Tips on Lending Money to Family and Friends
Money is an emotionally charged issue that has torn apart many a relationship. The NFCC offers the following suggestions when deciding whether to lend or not to lend to a loved one:
- Just like in Vegas, don’t risk more than you can afford to lose. Loaning money to friends or family is a gamble, so never make a loan if it’s going to put your own financial situation on the skids. However well-meaning the individual is, none of us knows what tomorrow holds. Only loan the money if you’re comfortable with the idea that you’ll never see it again.
- Do not dip into your retirement account. Loaning money is not a good idea if it means that you have to risk your retirement savings. Protect this nest-egg as though you were the mother hen, and don’t let any of your chickens touch it.
- Involve your spouse/partner in the decision. Communication could not only save you money, but could save your marriage or relationship. If you and your spouse don’t agree on making the loan, it could result in significant stress on your relationship.
- Evaluate the impact the loan will have on other family members. If you loan money to one child, you’re setting a precedent. What if other children are not as responsible, thus the risk of them repaying a loan is greater? Be prepared to deal with the potential strife such a situation could create within the family.
- Consider the reason the borrower needs the money. Do they want the loan because of an emergency like loss of job or unexpected medical bills, or because they made poor spending decisions? Will it be used for something that will improve their life, like a down payment on a home or education?
- Don’t be an enabler. If the borrower is engaged in a destructive lifestyle, and is habitually in financial hot water, be emotionally supportive rather than financially supportive. A better use of your money would be to pay for professional counseling to get to the root of the problem, as bailing them out of their current crisis won’t address the underlying issues.
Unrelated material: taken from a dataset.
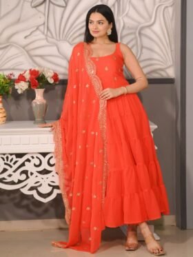 Step Back in Time with Our Vintage Polka Dots Print Georgette Long Frock – The Perfect Blend of Retro Charm and Modern Elegance
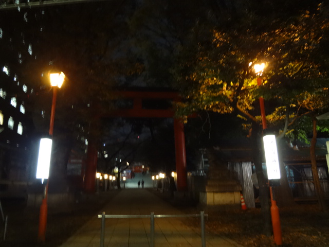 12月の初め、日が落ちてから、花園神社を訪ねました。初詣に備えてか、ところどころで、改修が行われていました。暗さの中に浮か上がる赤い社殿もきれいです。本殿の左側を回って、階段を下りていくと、交番が見えてきます。この辺りは、新宿ゴールデン街でそろそろ営業が始まるようでした。

- Treat the loan as a business arrangement. After all, you’ve now become the banker, and bankers take things seriously. Once you have agreed on the amount of the loan, discuss the interest rate, term, payment due date, and late fees. To figure out monthly payments, including interest, consider using a loan calculator, such as the one available at www.bankrate.com.
- Put all the terms of the loan in writing. Many Web sites offer free promissory note forms. One such site is Internet Legal Research Group at www.ilrg.com/forms/promisry.html, where you can find promissory note forms for each state. Consider having the documents notarized, as this will give you more legal standing if the borrower defaults. While putting it in writing is smart because it makes the borrower more accountable, be aware that it won’t guarantee you will be repaid. It’s simply another layer of protection.
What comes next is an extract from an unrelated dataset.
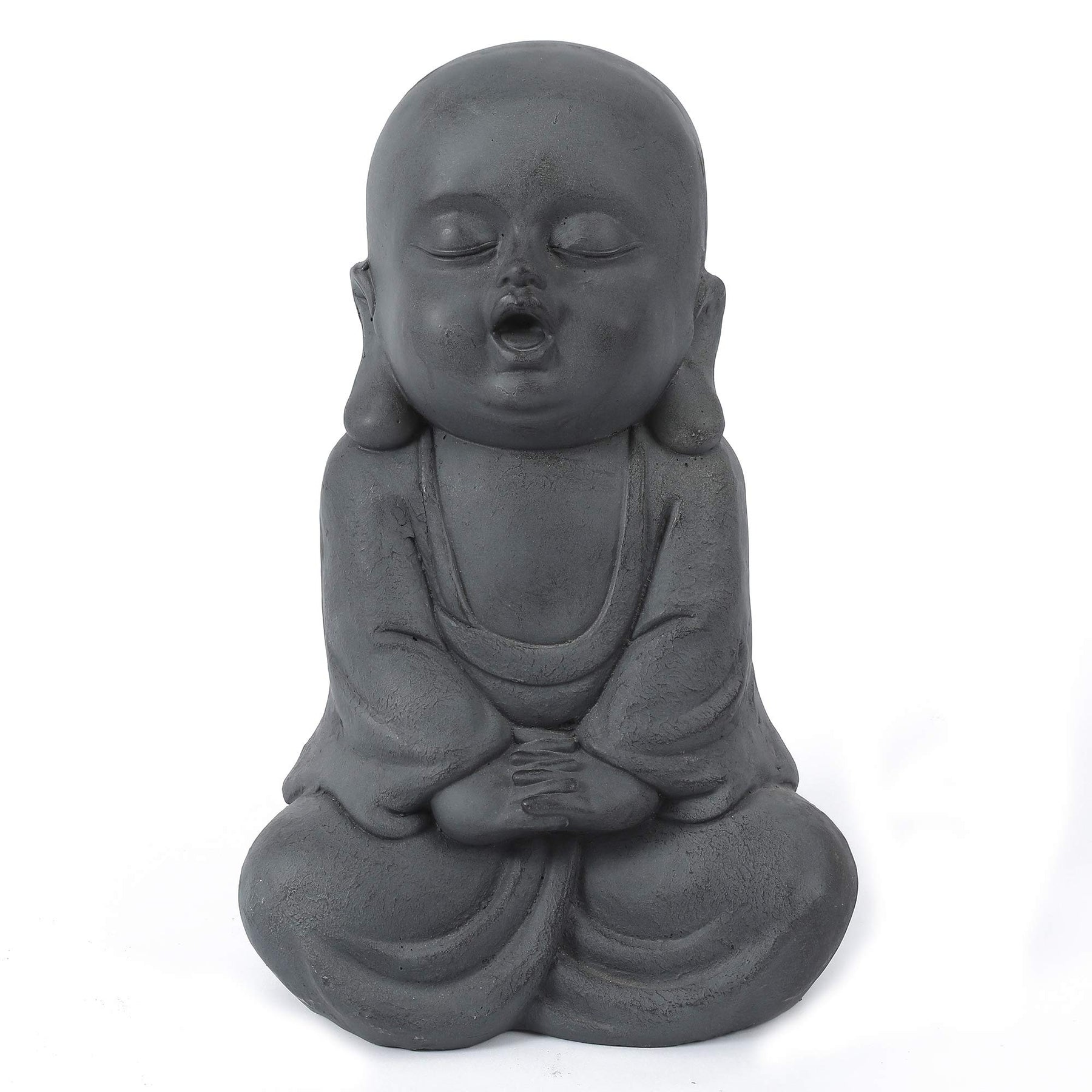 Meditating Buddha Garden Statue Grey Oriental Magnesium Oxide Handmade

- Be forthcoming about any legal steps you will take to collect an unpaid loan. Jointly reviewing a worst-case scenario in advance of the situation can go a long way to preserve a relationship if things start going south.
- Divorce yourself from making judgments on the borrower’s spending decisions. When someone owes you money, it’s difficult not to watch how they spend their money, particularly if they’re behind on payments to you. Fixating on their frivolous spending can drive a wedge between the two of you. Inquiring about their plans to get back on track with payments is justified, but resist the urge to grill them over where the money has gone.
- Think long and hard before agreeing to co-sign a loan. When you co-sign a loan, you are agreeing to repay the loan even if the lender defaults. And, you may not be notified until the loan is several months delinquent. Such a delinquency will negatively affect your credit rating, as well as that of the primary borrower.
- Consider requiring collateral for large loans. If you are lending money for a car, insist that you be listed as the lien holder on the title. If the loan is for the down-payment on a house, have the loan drawn up with you listed as the second mortgage holder. If the borrower defaults, any equity remaining after the primary lender is repaid will go toward paying off your loan. If you are going to require collateral, it is wise to have the loan handled by an attorney.
- Check on possible tax consequences. The IRS frowns on loans that charge little or no interest and may require you to pay a gift tax. Before loaning more than $10,000, talk to your tax accountant to ensure you are protected. If the borrower defaults on the loan, document your attempts at collection so you can write-off the loan.
- Consider what will happen if you die before the loan is paid back. In your agreement, include a statement covering such circumstances. Will the loan be forgiven, or will it still be owed to the estate? Do the same repayment terms remain in place? If it is owed to the estate and the borrower is an adult child, will the amount be subtracted from your child’s share of the inheritance?